**Task to carry out:** Repeat only the lines below from the one that contains "Se tuvieron en" through the final line, exactly. Omit pictures.

**Given records:**
○ ○ ○ ○ ○
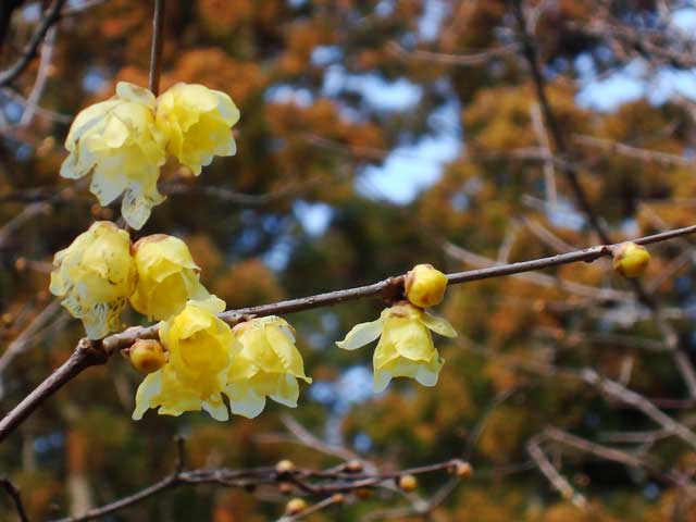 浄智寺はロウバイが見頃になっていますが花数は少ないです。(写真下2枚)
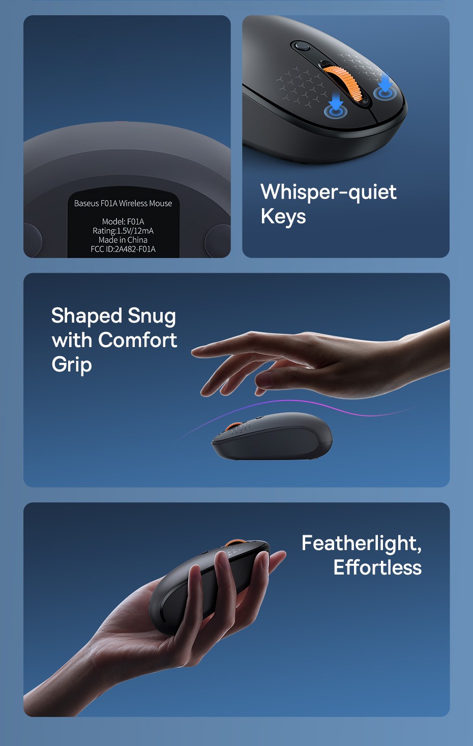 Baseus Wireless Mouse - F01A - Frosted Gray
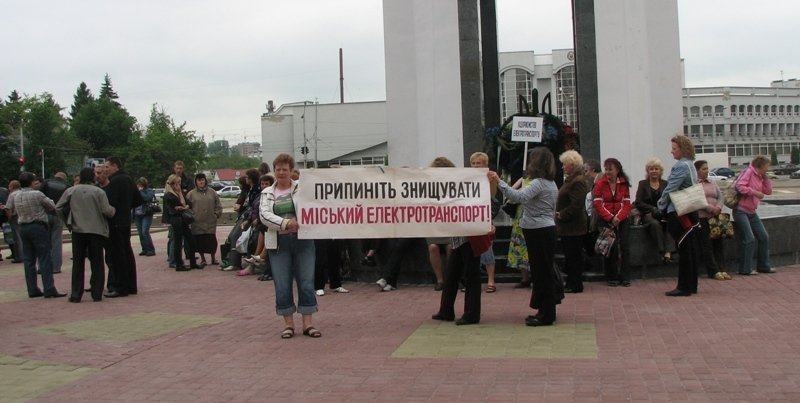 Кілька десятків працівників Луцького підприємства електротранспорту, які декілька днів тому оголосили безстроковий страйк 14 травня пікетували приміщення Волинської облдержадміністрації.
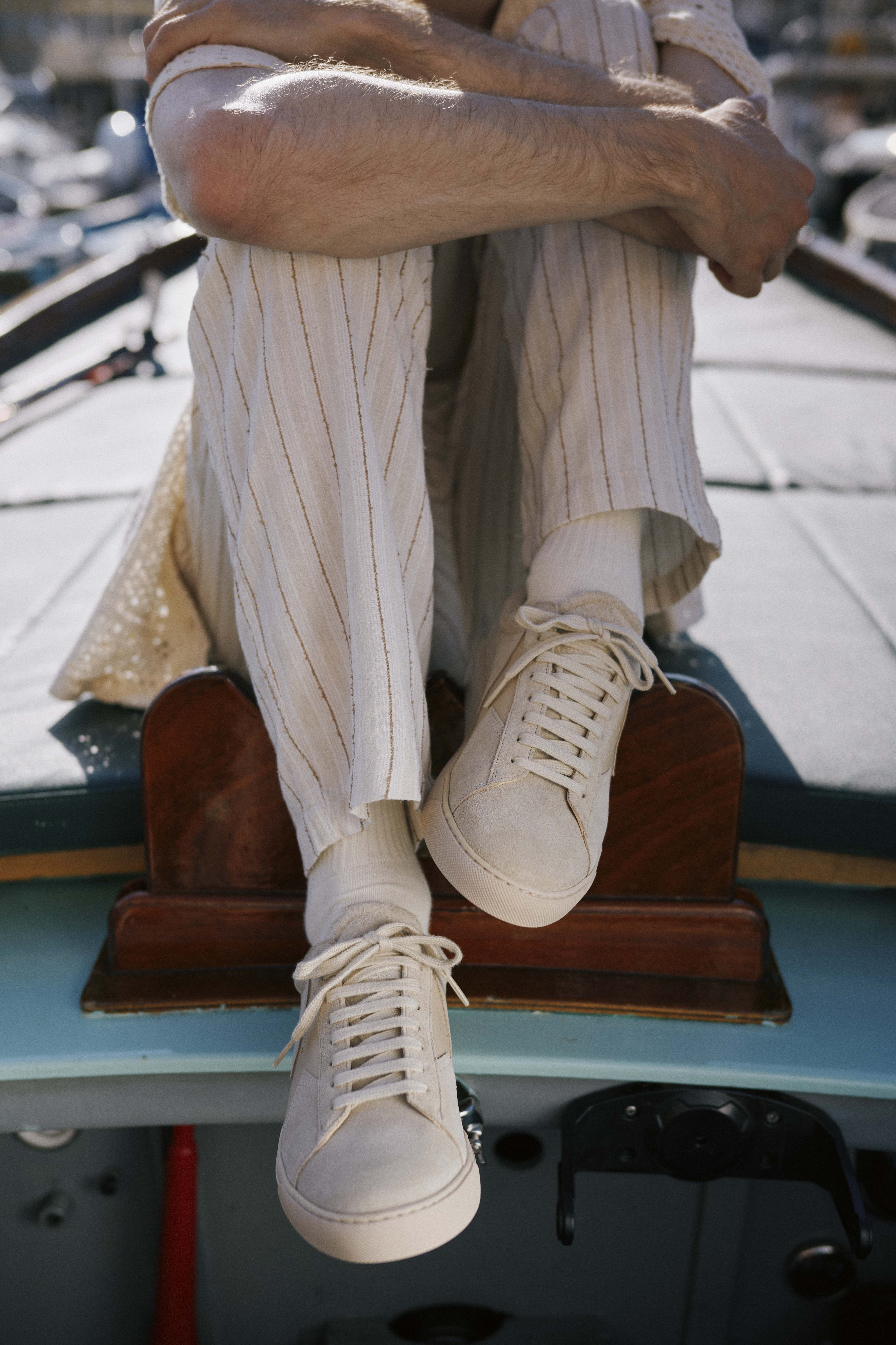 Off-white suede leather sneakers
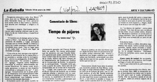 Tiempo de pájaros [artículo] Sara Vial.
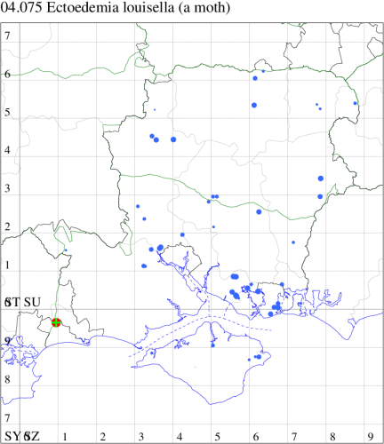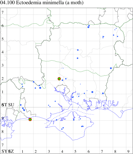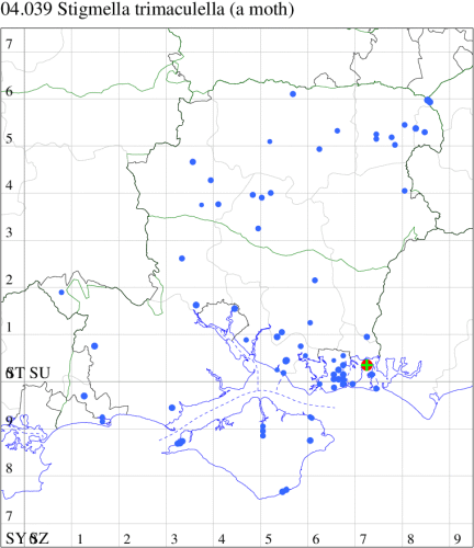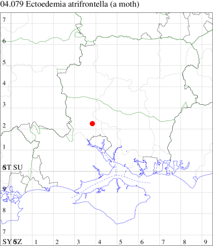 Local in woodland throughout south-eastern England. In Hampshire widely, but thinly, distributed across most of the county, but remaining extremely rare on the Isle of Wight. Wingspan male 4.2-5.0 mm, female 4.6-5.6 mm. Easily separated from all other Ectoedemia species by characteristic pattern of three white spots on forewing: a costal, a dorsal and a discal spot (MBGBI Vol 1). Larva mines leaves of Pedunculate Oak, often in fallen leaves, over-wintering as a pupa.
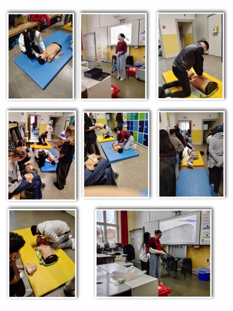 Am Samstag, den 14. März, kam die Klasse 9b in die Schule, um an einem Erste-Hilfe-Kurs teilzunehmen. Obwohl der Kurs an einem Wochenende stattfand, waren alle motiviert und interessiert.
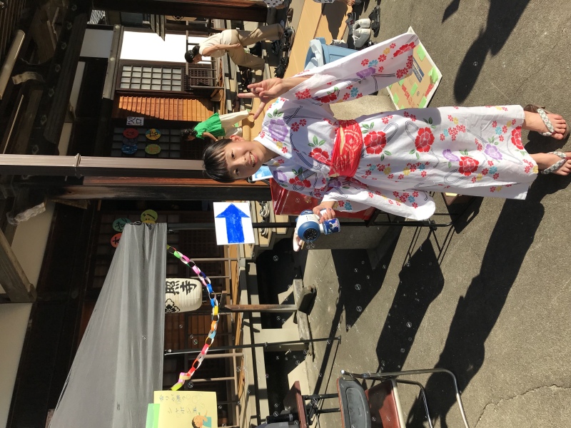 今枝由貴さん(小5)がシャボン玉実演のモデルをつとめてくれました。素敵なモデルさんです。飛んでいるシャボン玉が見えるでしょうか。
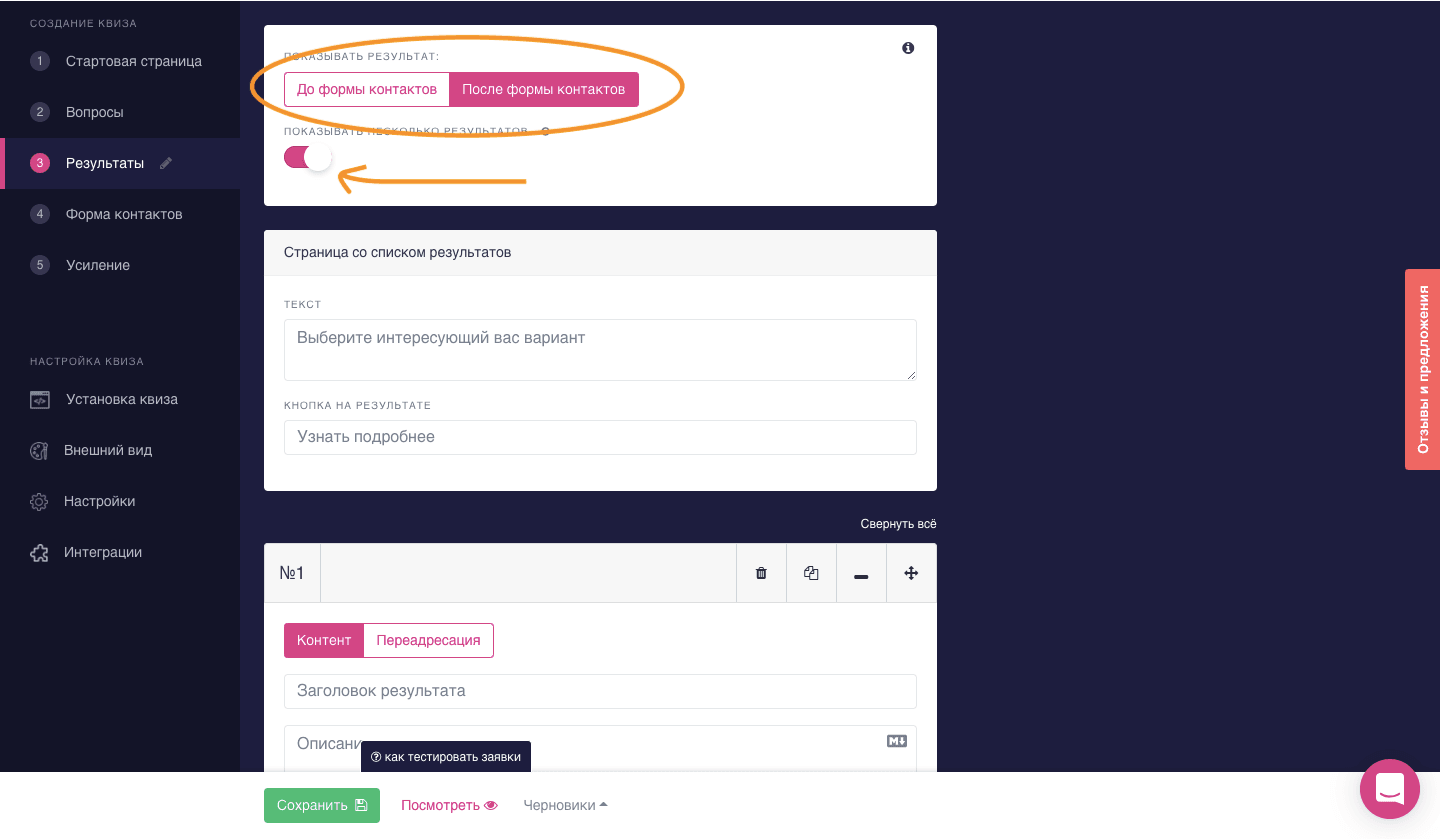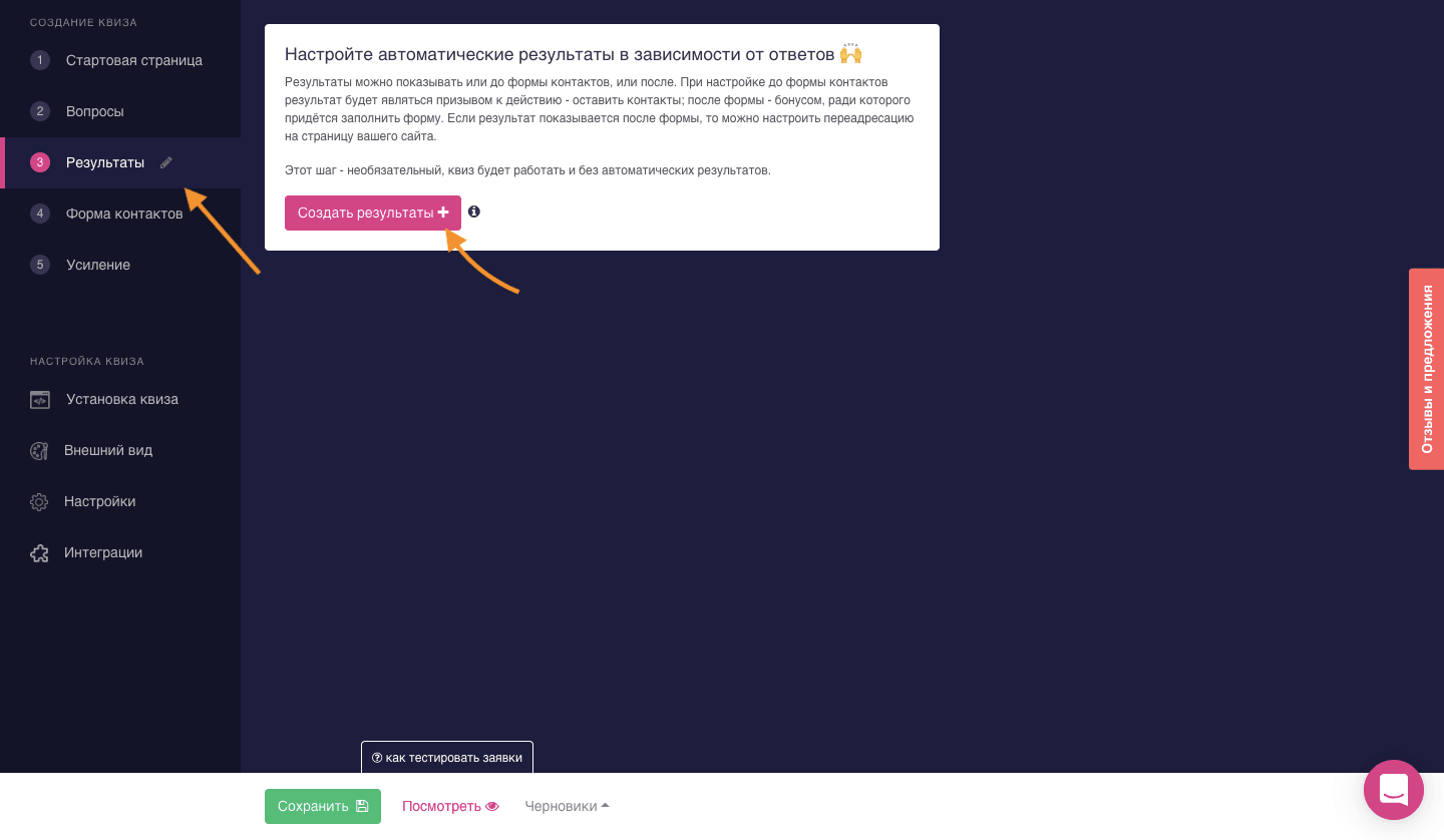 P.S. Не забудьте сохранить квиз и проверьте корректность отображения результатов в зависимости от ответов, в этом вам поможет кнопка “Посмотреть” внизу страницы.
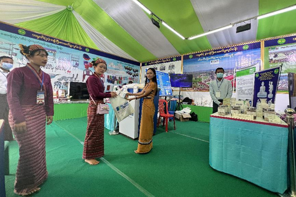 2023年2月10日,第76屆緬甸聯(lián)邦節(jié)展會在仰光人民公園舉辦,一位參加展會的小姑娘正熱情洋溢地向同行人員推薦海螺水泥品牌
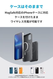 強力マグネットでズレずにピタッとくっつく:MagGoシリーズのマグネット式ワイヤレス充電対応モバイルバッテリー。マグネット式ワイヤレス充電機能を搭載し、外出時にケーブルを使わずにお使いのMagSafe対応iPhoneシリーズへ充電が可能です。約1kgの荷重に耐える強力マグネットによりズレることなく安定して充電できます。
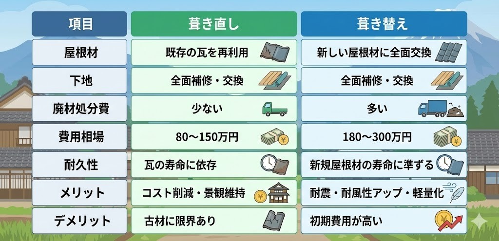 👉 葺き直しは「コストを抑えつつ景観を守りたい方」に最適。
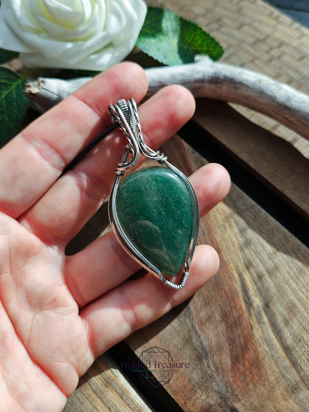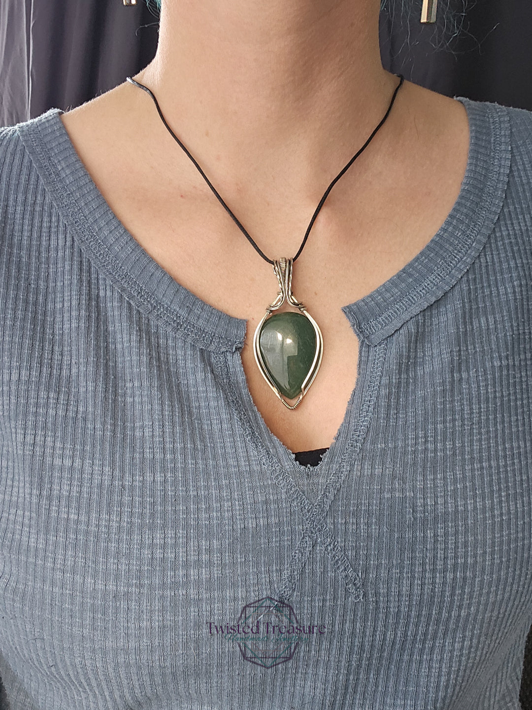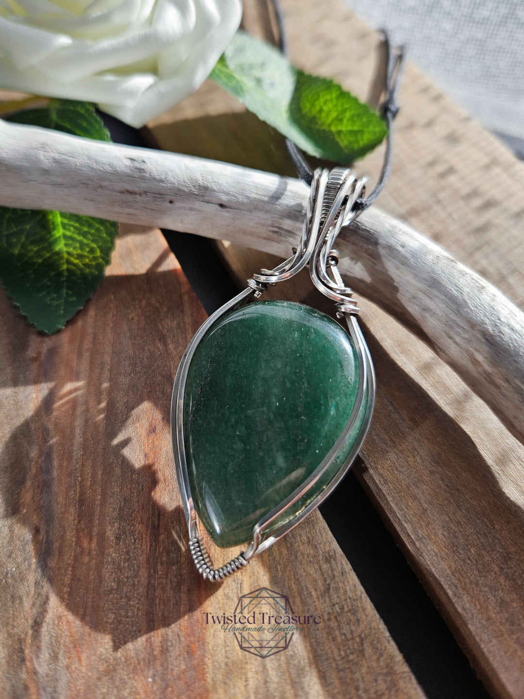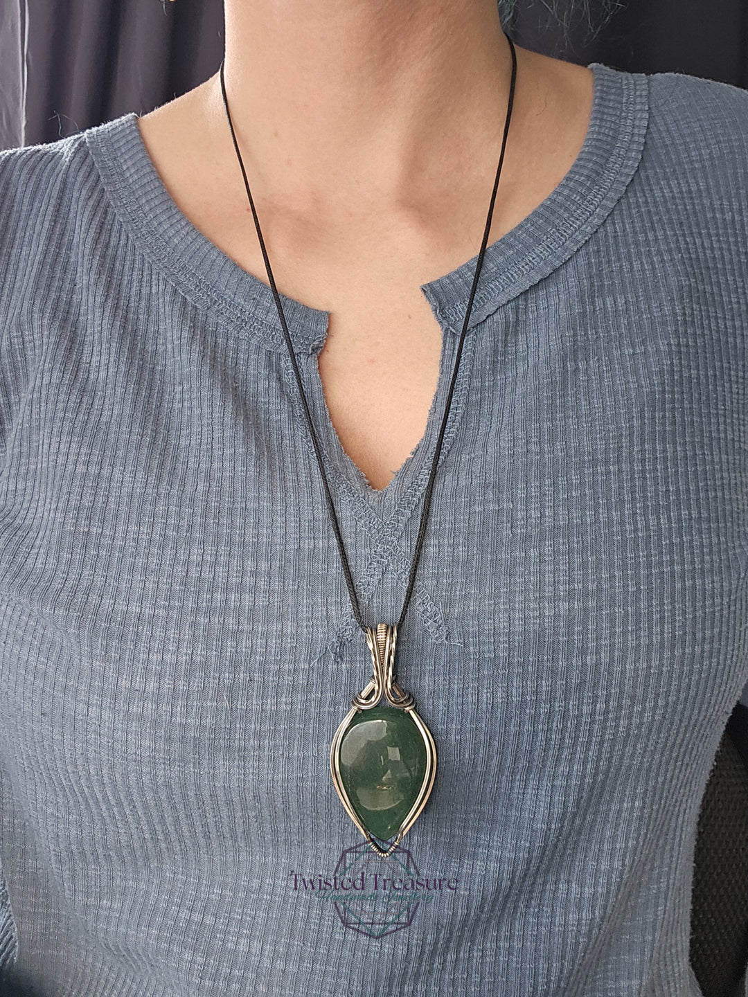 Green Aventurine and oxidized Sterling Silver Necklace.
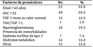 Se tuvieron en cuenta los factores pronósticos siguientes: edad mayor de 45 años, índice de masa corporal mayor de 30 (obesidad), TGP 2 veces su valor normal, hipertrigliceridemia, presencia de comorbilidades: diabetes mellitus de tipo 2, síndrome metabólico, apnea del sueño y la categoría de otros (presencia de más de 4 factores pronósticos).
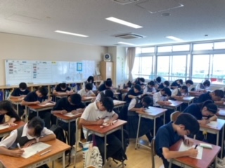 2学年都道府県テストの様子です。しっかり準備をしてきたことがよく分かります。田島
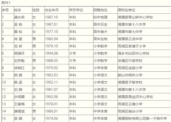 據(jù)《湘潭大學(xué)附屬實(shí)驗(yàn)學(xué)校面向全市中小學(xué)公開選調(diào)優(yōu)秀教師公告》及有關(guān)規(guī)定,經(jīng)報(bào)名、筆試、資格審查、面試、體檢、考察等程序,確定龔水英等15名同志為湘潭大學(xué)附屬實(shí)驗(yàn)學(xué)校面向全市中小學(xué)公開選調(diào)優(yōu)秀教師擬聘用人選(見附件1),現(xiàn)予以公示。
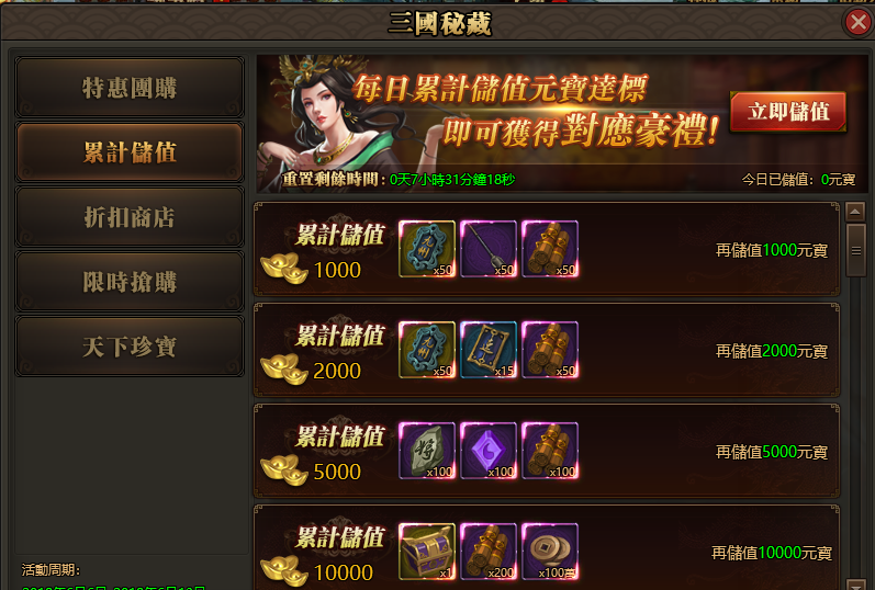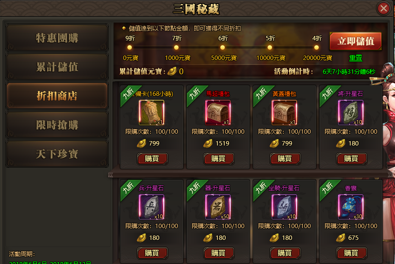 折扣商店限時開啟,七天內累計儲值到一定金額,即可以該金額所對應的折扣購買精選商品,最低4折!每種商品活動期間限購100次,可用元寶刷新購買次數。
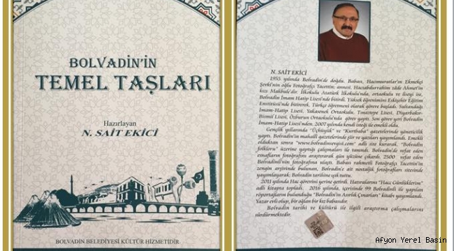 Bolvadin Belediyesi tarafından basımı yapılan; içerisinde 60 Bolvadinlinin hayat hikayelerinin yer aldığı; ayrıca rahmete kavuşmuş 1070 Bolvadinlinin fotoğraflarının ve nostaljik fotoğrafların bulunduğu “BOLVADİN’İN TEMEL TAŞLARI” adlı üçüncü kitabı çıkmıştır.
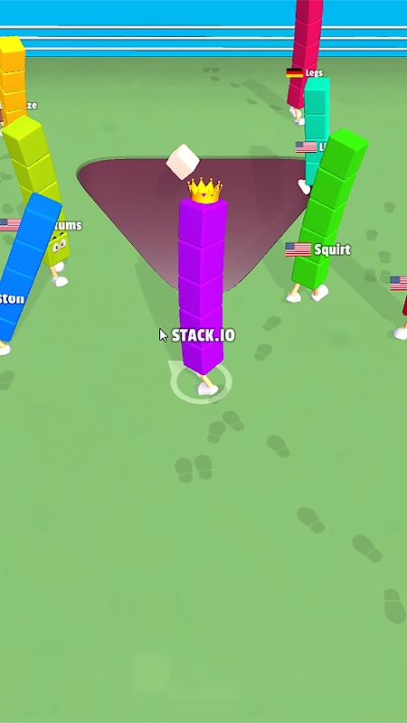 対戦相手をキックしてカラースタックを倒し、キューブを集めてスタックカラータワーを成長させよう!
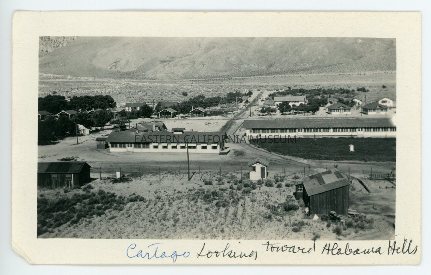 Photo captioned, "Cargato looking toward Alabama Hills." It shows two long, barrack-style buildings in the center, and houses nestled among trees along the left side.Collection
○ ○ ○ ○ ○
**Solution:**
 Se tuvieron en cuenta los factores pronósticos siguientes: edad mayor de 45 años, índice de masa corporal mayor de 30 (obesidad), TGP 2 veces su valor normal, hipertrigliceridemia, presencia de comorbilidades: diabetes mellitus de tipo 2, síndrome metabólico, apnea del sueño y la categoría de otros (presencia de más de 4 factores pronósticos).
 2学年都道府県テストの様子です。しっかり準備をしてきたことがよく分かります。田島
 據(jù)《湘潭大學(xué)附屬實(shí)驗(yàn)學(xué)校面向全市中小學(xué)公開選調(diào)優(yōu)秀教師公告》及有關(guān)規(guī)定,經(jīng)報(bào)名、筆試、資格審查、面試、體檢、考察等程序,確定龔水英等15名同志為湘潭大學(xué)附屬實(shí)驗(yàn)學(xué)校面向全市中小學(xué)公開選調(diào)優(yōu)秀教師擬聘用人選(見附件1),現(xiàn)予以公示。
 折扣商店限時開啟,七天內累計儲值到一定金額,即可以該金額所對應的折扣購買精選商品,最低4折!每種商品活動期間限購100次,可用元寶刷新購買次數。
 Bolvadin Belediyesi tarafından basımı yapılan; içerisinde 60 Bolvadinlinin hayat hikayelerinin yer aldığı; ayrıca rahmete kavuşmuş 1070 Bolvadinlinin fotoğraflarının ve nostaljik fotoğrafların bulunduğu “BOLVADİN’İN TEMEL TAŞLARI” adlı üçüncü kitabı çıkmıştır.
 対戦相手をキックしてカラースタックを倒し、キューブを集めてスタックカラータワーを成長させよう!
 Photo captioned, "Cargato looking toward Alabama Hills." It shows two long, barrack-style buildings in the center, and houses nestled among trees along the left side.Collection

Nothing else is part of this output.